In the listing below, the lines starting at the line with "Entièrement décapée et" and ending at the line with "The Snail Tools" are to be output verbatim. Images stay out of the copy.

▶ Supplied entries:
++++++++
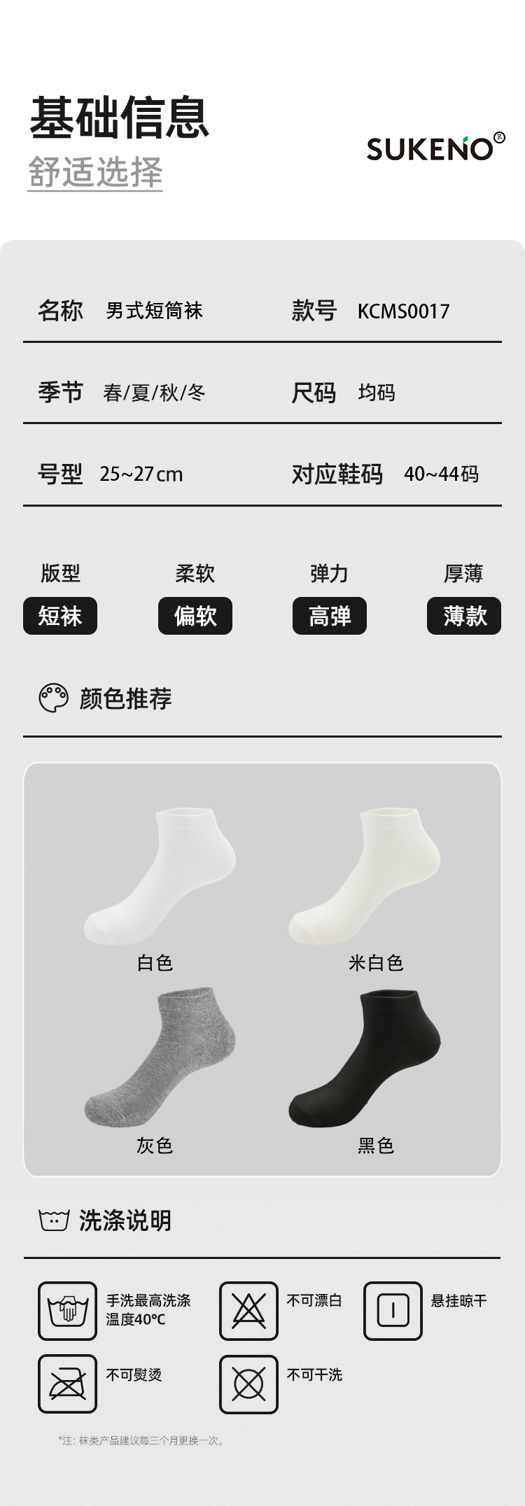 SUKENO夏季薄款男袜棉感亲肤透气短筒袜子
++++++++
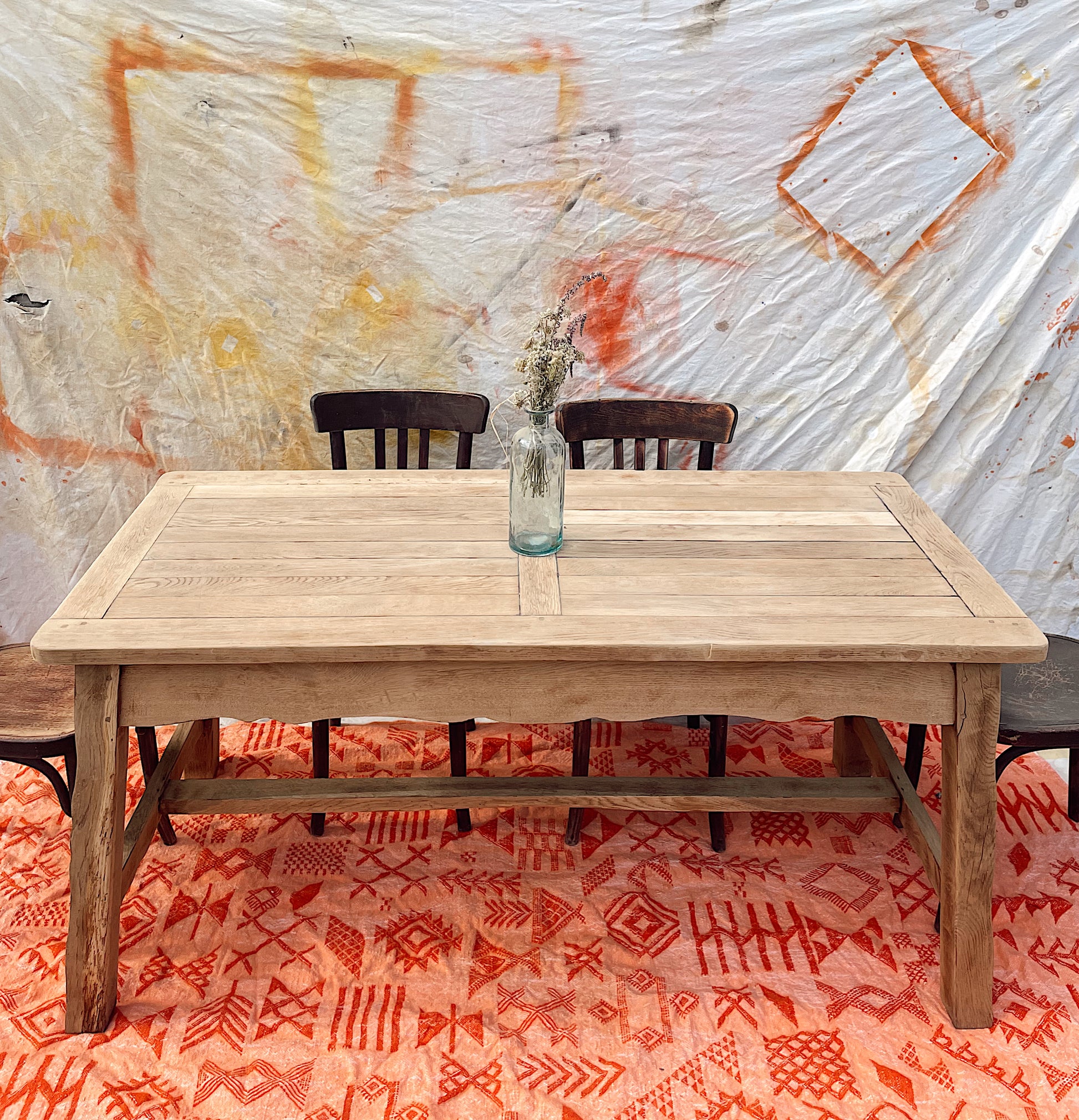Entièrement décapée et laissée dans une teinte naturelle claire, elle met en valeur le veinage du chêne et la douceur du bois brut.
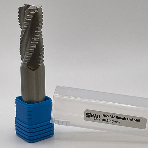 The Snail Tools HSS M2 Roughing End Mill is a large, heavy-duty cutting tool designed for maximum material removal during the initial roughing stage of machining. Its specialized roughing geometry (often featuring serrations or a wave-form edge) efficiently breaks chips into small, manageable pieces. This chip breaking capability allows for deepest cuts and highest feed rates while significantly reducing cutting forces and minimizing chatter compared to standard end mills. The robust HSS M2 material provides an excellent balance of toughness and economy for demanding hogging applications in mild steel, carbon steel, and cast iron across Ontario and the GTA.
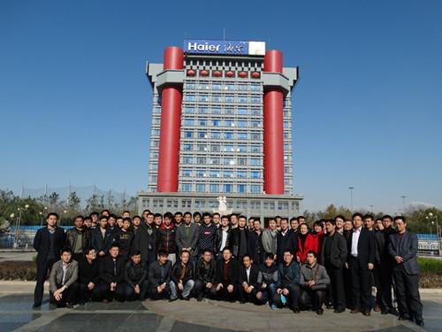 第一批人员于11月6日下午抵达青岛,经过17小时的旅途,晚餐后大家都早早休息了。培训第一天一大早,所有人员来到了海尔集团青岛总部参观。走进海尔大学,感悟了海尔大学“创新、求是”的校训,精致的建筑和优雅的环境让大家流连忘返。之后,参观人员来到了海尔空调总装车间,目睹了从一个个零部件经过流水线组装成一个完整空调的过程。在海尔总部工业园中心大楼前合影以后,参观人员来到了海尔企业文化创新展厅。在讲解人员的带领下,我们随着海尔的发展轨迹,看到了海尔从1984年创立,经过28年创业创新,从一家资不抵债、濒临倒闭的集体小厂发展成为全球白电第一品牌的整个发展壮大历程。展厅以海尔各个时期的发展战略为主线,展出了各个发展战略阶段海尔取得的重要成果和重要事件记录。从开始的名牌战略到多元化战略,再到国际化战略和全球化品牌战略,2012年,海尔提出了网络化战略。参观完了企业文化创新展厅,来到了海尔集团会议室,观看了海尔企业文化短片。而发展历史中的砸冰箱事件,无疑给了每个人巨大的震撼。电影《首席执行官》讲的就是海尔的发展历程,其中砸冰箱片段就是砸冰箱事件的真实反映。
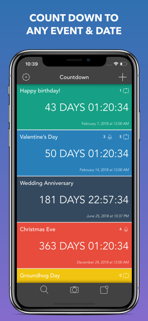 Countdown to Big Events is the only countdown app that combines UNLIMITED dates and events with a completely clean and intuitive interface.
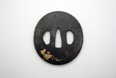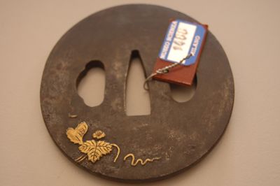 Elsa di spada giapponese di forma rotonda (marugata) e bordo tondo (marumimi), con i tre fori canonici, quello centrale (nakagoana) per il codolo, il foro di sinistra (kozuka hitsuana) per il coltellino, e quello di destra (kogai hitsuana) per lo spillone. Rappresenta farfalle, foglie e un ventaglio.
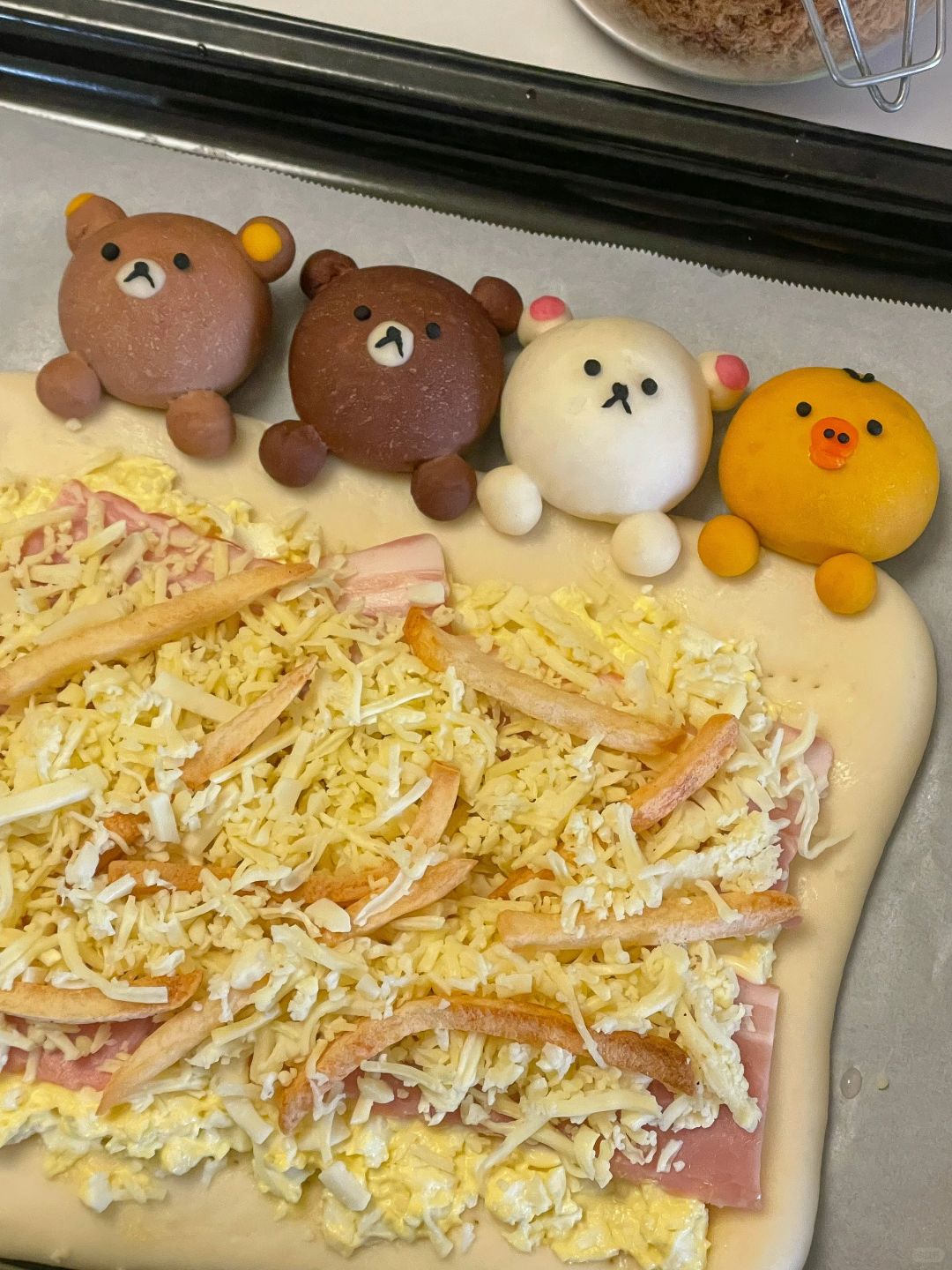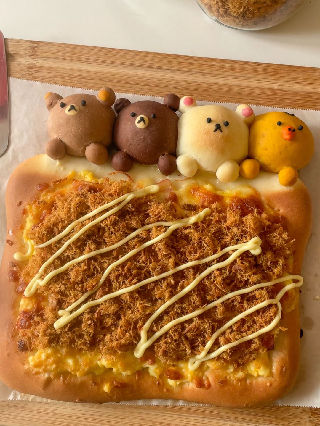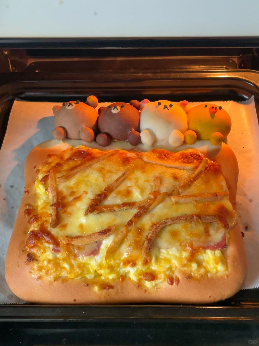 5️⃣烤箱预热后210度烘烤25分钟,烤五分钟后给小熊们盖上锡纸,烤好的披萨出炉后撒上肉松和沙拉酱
++++++++
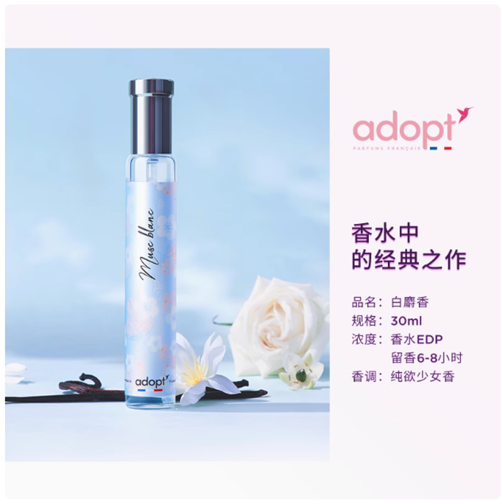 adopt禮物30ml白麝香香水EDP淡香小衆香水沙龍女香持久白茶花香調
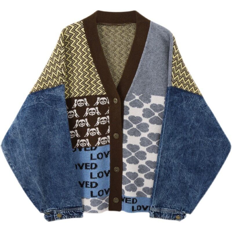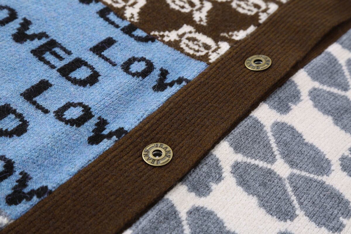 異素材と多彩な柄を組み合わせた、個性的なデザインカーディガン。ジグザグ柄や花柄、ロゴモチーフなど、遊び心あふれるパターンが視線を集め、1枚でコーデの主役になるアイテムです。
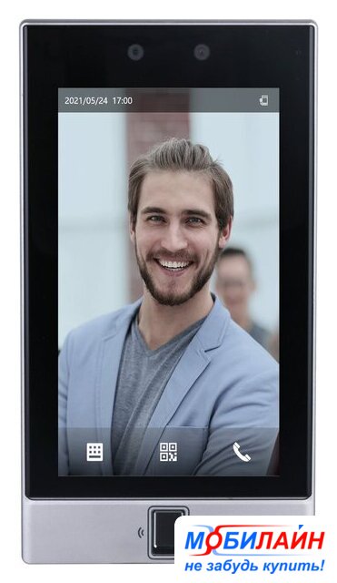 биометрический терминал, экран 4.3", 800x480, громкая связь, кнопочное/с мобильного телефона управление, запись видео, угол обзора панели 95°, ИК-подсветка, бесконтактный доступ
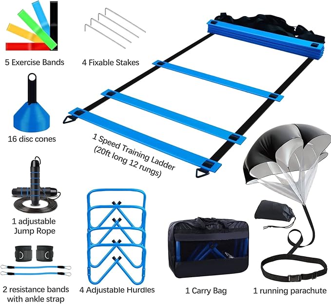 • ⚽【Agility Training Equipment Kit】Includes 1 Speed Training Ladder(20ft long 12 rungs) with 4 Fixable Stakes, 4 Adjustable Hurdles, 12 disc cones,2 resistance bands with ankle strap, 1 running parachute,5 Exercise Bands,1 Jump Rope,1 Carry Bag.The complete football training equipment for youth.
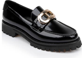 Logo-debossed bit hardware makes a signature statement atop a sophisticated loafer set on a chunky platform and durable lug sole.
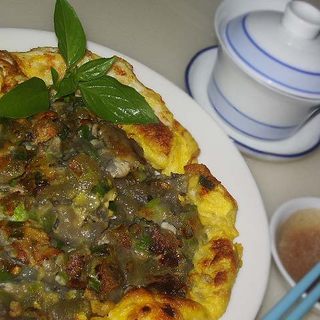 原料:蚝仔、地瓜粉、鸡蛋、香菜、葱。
++++++++
▶ Response below:
Entièrement décapée et laissée dans une teinte naturelle claire, elle met en valeur le veinage du chêne et la douceur du bois brut.
 The Snail Tools HSS M2 Roughing End Mill is a large, heavy-duty cutting tool designed for maximum material removal during the initial roughing stage of machining. Its specialized roughing geometry (often featuring serrations or a wave-form edge) efficiently breaks chips into small, manageable pieces. This chip breaking capability allows for deepest cuts and highest feed rates while significantly reducing cutting forces and minimizing chatter compared to standard end mills. The robust HSS M2 material provides an excellent balance of toughness and economy for demanding hogging applications in mild steel, carbon steel, and cast iron across Ontario and the GTA.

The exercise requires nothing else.